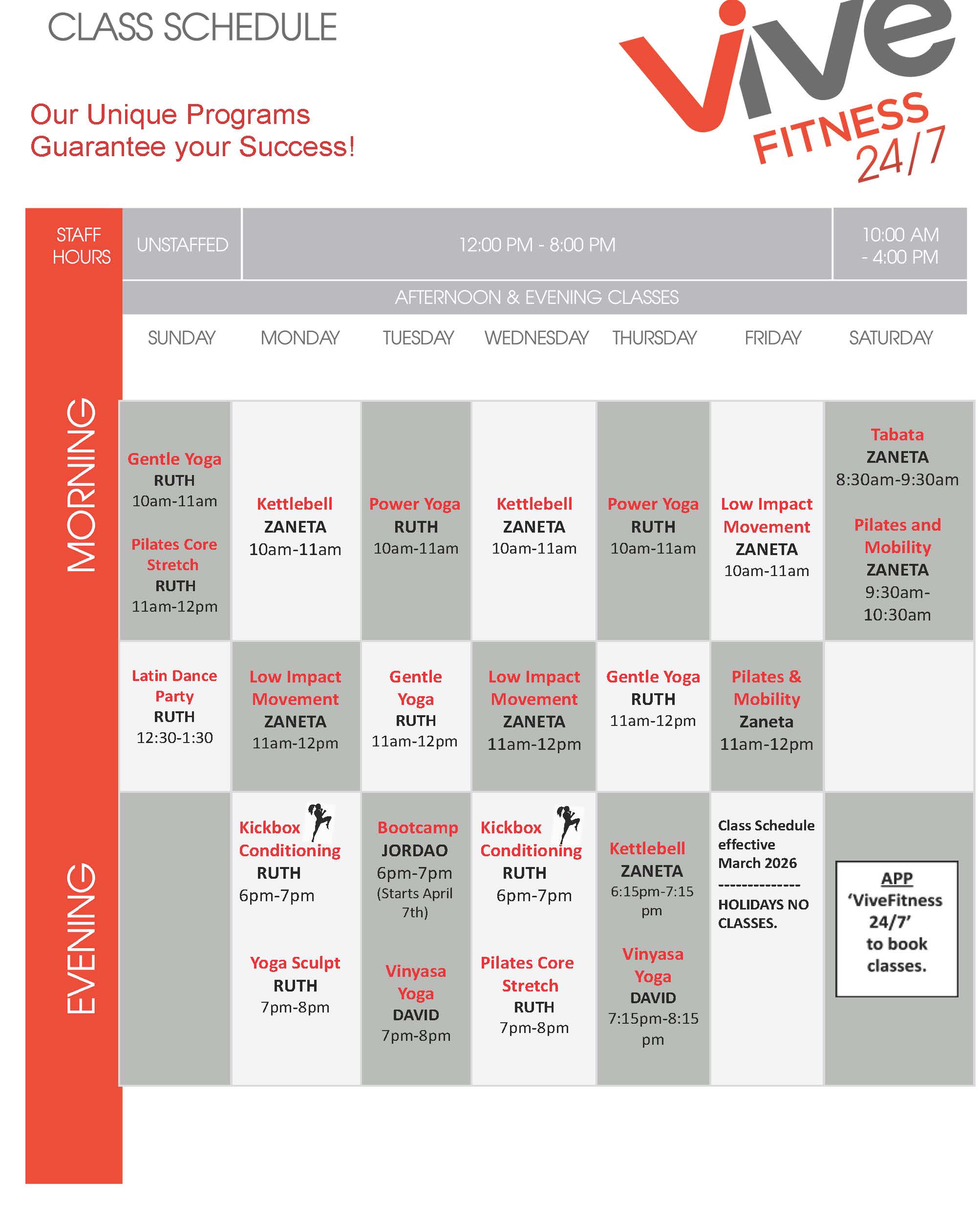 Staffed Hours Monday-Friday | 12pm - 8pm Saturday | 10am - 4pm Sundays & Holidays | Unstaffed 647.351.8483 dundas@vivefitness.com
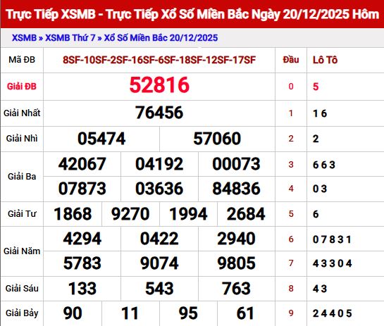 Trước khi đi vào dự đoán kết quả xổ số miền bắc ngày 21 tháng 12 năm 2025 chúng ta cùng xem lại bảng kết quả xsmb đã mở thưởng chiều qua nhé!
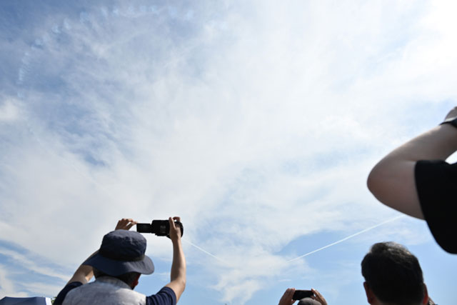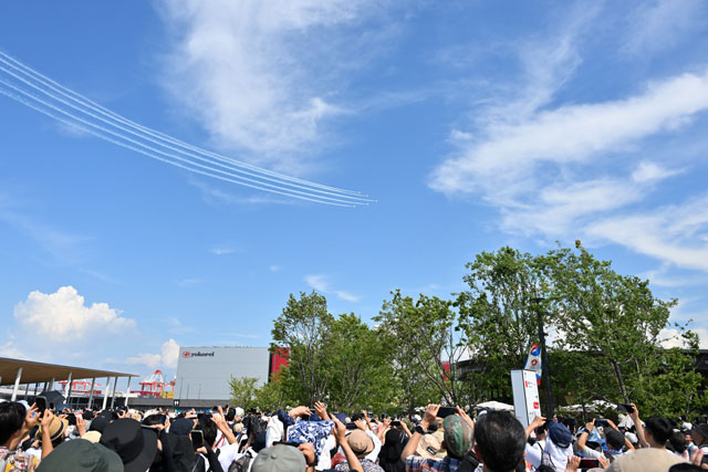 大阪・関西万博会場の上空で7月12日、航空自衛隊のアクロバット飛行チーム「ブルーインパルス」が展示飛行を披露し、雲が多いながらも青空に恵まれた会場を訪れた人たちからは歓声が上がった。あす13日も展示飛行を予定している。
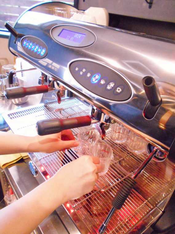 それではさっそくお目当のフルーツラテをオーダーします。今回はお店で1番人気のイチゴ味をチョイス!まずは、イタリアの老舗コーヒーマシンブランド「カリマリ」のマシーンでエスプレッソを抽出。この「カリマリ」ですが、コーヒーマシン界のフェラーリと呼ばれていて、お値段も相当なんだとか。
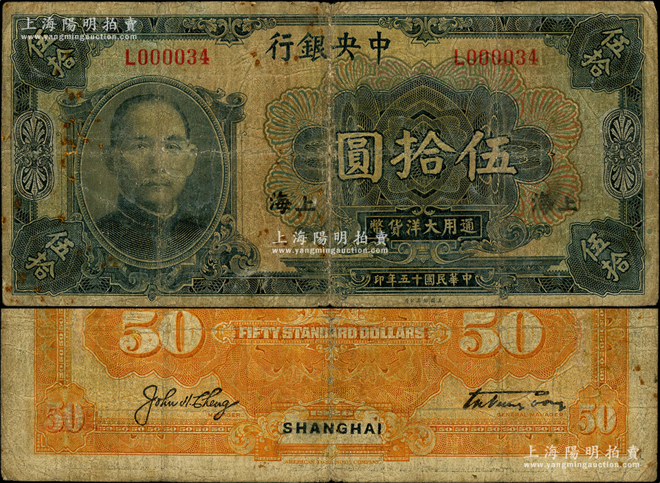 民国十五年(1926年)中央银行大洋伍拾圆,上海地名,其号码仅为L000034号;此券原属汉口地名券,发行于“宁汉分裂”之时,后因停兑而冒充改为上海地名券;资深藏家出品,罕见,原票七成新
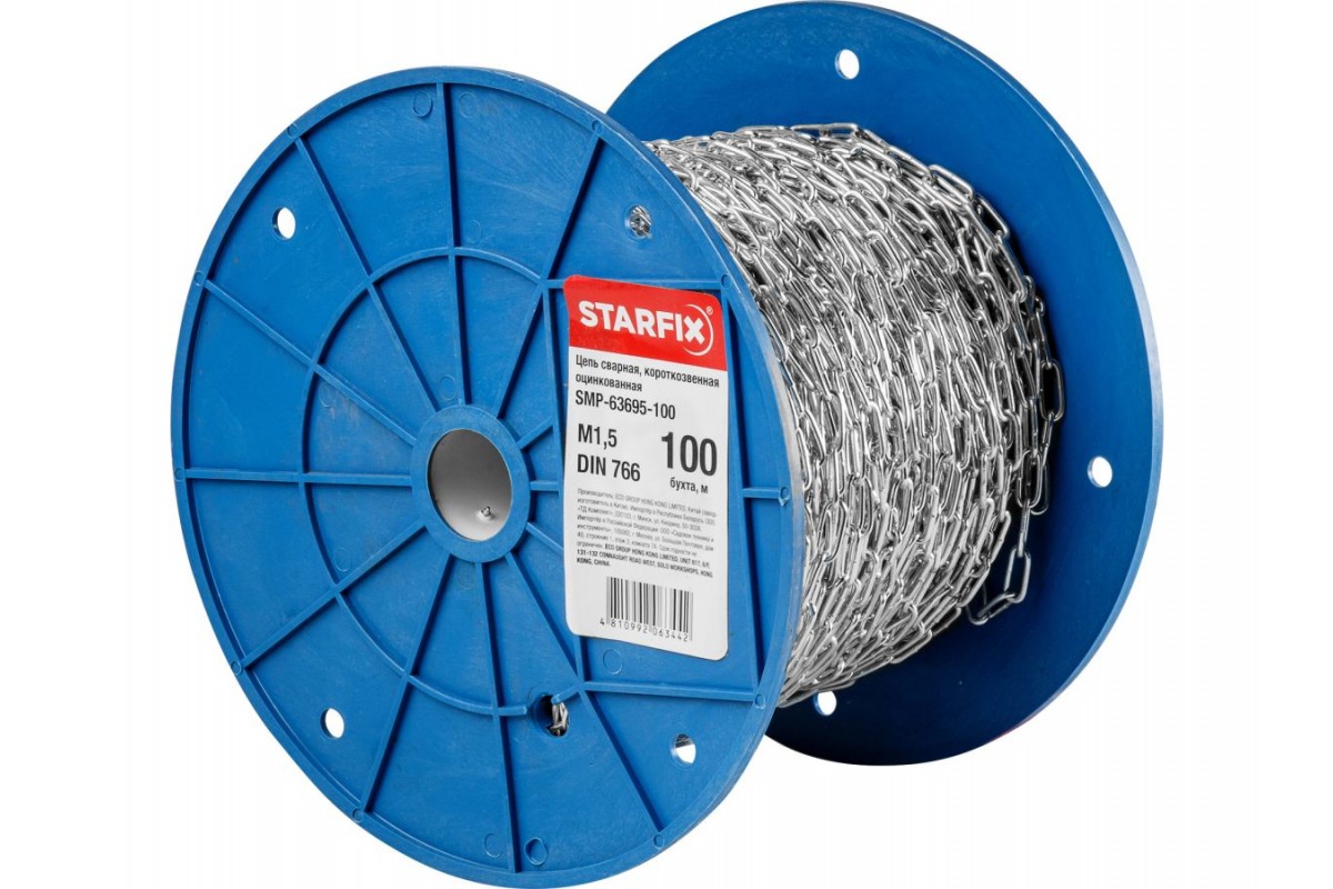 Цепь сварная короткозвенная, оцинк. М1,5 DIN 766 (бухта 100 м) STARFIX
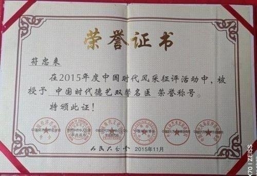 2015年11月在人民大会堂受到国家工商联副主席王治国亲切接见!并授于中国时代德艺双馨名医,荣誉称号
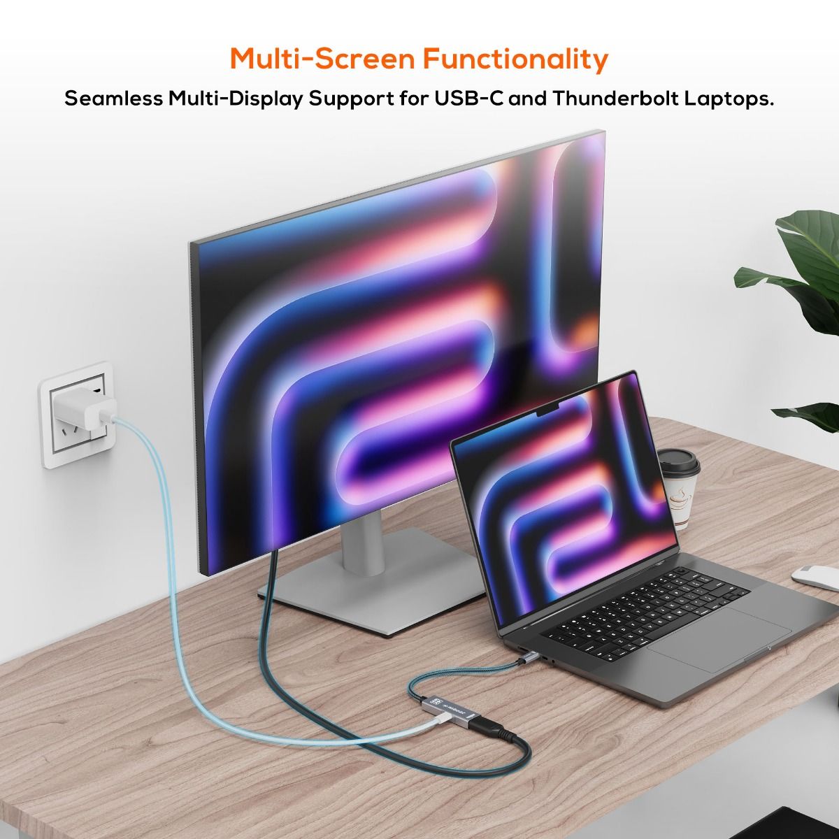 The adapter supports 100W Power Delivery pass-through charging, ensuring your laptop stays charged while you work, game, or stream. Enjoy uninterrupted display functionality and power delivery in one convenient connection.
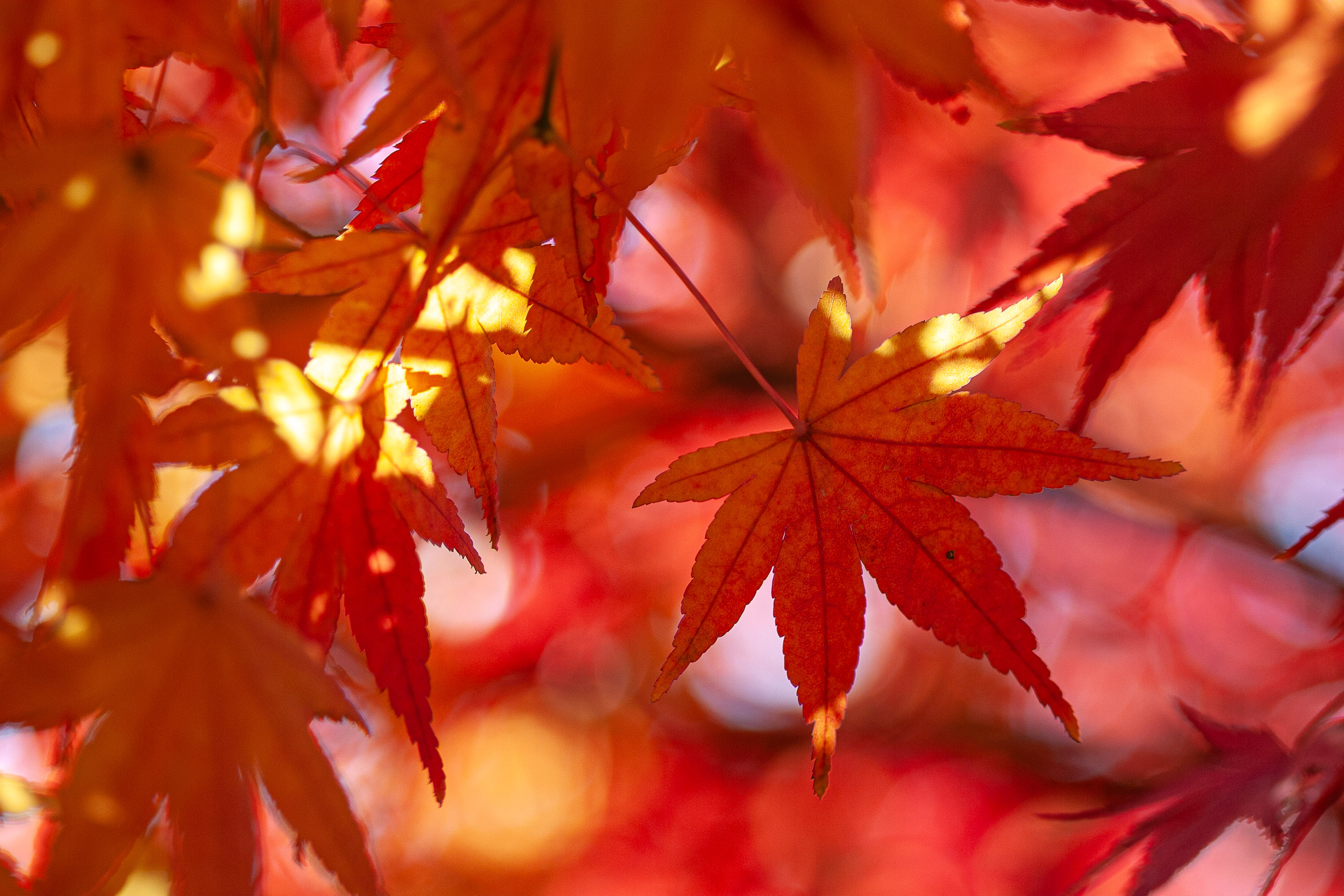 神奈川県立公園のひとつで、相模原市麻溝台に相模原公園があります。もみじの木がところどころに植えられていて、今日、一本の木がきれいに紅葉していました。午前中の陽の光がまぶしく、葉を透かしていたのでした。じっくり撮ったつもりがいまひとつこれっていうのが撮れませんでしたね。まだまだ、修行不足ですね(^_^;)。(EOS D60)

-*-

- [Aim of the task]:
Lines from the start of the listing above through the line holding "大阪・関西万博会場の上空で7" are to be duplicated exactly, and nothing more; leave out the pictures.

- [Finished exercise]:
 Staffed Hours Monday-Friday | 12pm - 8pm Saturday | 10am - 4pm Sundays & Holidays | Unstaffed 647.351.8483 dundas@vivefitness.com
 Trước khi đi vào dự đoán kết quả xổ số miền bắc ngày 21 tháng 12 năm 2025 chúng ta cùng xem lại bảng kết quả xsmb đã mở thưởng chiều qua nhé!
 大阪・関西万博会場の上空で7月12日、航空自衛隊のアクロバット飛行チーム「ブルーインパルス」が展示飛行を披露し、雲が多いながらも青空に恵まれた会場を訪れた人たちからは歓声が上がった。あす13日も展示飛行を予定している。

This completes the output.